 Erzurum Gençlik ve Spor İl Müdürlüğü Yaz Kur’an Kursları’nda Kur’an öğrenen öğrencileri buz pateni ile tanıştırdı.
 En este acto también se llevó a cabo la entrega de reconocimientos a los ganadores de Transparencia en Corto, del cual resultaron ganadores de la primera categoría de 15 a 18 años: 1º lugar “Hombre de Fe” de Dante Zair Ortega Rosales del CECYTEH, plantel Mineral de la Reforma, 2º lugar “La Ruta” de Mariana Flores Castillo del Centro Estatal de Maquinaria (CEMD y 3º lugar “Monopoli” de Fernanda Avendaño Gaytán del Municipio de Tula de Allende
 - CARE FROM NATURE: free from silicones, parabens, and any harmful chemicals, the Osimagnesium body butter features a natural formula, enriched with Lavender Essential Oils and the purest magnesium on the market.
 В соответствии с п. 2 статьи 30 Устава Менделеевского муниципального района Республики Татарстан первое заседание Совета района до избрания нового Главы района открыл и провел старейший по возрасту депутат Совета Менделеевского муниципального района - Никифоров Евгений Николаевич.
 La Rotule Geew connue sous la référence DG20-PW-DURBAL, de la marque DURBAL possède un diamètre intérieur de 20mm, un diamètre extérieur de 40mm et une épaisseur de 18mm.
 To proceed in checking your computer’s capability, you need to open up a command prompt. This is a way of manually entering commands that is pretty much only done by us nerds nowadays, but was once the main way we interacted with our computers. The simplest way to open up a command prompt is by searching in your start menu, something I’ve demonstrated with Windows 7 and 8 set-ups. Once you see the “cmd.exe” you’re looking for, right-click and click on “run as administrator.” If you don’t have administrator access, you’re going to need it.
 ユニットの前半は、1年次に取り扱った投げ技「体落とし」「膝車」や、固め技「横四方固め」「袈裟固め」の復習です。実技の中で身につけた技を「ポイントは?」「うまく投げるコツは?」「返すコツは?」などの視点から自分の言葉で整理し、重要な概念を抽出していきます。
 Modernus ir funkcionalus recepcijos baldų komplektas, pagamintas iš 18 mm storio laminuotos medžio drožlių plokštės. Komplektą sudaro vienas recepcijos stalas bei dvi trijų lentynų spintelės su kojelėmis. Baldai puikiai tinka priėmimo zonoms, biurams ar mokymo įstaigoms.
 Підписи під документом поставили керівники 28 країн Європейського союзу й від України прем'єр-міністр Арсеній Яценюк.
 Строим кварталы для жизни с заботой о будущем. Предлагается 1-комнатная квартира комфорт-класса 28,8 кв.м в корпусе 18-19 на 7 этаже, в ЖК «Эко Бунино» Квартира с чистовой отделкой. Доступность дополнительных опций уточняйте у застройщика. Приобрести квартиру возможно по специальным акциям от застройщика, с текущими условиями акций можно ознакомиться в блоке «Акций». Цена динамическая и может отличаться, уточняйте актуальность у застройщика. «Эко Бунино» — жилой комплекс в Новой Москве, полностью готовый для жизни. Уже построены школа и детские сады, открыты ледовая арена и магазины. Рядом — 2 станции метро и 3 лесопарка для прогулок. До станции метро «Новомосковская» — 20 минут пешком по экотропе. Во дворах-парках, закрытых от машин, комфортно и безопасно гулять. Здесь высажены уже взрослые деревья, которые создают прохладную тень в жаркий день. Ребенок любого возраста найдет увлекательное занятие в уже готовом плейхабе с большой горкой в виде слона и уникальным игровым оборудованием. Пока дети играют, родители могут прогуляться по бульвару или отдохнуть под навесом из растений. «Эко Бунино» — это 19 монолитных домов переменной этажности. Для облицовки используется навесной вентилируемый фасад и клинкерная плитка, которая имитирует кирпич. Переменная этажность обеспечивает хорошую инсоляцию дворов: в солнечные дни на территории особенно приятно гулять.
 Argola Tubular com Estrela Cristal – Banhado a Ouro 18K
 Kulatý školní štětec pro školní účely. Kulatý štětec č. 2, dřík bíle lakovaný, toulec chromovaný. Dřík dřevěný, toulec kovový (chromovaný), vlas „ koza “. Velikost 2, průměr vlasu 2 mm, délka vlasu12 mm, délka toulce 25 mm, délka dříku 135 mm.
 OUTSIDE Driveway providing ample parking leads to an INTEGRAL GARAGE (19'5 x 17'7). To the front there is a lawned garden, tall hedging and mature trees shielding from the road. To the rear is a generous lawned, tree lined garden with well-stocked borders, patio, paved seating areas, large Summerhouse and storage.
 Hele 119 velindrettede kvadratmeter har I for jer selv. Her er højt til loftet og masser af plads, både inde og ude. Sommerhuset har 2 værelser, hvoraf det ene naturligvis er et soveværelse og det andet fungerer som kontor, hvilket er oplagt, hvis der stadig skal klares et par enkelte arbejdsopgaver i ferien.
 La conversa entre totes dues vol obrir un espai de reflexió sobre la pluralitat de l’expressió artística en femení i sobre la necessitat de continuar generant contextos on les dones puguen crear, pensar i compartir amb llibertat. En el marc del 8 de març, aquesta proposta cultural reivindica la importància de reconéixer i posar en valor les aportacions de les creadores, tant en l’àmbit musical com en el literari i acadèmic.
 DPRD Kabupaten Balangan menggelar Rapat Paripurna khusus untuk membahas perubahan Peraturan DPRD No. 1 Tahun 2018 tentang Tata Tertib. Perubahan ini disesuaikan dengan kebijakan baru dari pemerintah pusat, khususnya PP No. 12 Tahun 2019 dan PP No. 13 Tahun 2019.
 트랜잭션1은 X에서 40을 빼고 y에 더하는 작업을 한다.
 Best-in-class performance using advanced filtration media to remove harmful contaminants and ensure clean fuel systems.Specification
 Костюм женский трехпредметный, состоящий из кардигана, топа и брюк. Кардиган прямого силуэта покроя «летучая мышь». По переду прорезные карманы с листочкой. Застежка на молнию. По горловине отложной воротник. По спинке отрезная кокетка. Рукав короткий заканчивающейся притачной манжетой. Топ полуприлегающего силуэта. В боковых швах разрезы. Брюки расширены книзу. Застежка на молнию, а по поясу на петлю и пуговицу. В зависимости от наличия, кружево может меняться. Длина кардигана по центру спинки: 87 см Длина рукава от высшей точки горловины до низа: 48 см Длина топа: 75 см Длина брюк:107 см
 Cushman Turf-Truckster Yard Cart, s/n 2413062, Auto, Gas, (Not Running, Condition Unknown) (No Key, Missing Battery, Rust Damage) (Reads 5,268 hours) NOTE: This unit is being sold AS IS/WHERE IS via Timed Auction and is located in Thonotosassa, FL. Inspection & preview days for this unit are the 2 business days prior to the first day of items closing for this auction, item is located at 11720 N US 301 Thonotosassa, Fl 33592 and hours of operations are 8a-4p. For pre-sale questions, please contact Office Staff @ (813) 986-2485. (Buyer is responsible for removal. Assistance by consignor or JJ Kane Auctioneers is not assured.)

▶ _Problem to solve_: Out of the records, collect only those lines that contain the string "harmful".

▶ _Response_:
 - CARE FROM NATURE: free from silicones, parabens, and any harmful chemicals, the Osimagnesium body butter features a natural formula, enriched with Lavender Essential Oils and the purest magnesium on the market.
 Best-in-class performance using advanced filtration media to remove harmful contaminants and ensure clean fuel systems.Specification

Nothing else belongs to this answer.